Our study has many limitations. As a pioneering and exploratory work, it is single-centered and has a limited sample size. Besides, the study patients analyzed are heterogeneous and encompass several underlying diseases. Therefore, validation cohorts and multicentric prospective studies are needed to confirm our findings. We also emphasize that the associations reported herein are correlative, so that further studies on DBM during allo-HSCT that include synchronous fecal sampling and metabolomics analyses are needed to associate DBM dysbiosis with aGVHD pathophysiology.

Although patients usually receive rigorous oral health care during allo-HSCT (55), OM dysbiosis has been overlooked. Common oral care protocols already used in allo-HSCT patients to prevent and counteract oral health decay can also be used to directly (e.g. chlorhexidine mouthwash) or indirectly (e.g. photobiomodulation) modulate the OM. However, as the role of oral microbes in allo-HSCT outcomes become more prominent, complementary odontologic/pharmacologic interventions targeting specific sites and bacteria of the OM will be necessary. For instance, DBM dysbiosis could be managed by antimicrobial photodynamic therapy, which can eliminate pathogens with no risk of the emergence of drug-resistant strains (56). DBM dysbiosis could also be countervailed with the use of nanoparticles that alters DBM composition by interfering in fundamental biofilm properties such as adhesion and quorum-sensing (57, 58). These innovative approaches will be instrumental to evaluate whether early interventions to correct DBM dysbiosis can prevent aGVHD onset.
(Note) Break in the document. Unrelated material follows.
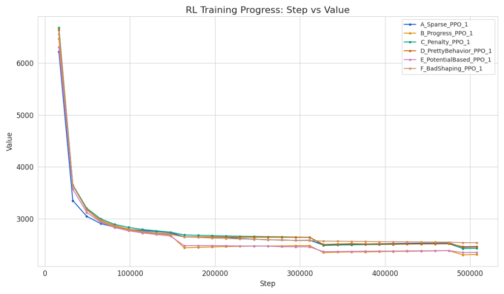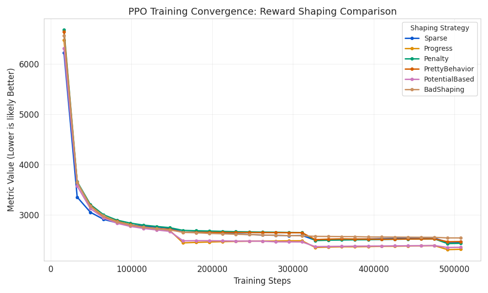 - Detrimental Shaping: The BadShaping strategy resulted in the worst final performance (highest value: 2537). This confirms that poorly designed reward shaping can actively hinder learning, performing even worse than having no shaping at all (Sparse).

In conclusion, to our knowledge, this is the first study evaluating the DBM during allo-HSCT using a high-resolution technique. We identified markers of DBM dysbiosis during allo-HSCT. Most importantly, we showed that DBM composition during allo-HSCT may be predictive of aGVHD onset after transplantation, providing a simple and reproducible protocol for collection and analysis of allo-HSCT recipients microbiota before transplantation that may substitute fecal sampling when evaluating gastrointestinal dysbiosis and Enterococcus bloom.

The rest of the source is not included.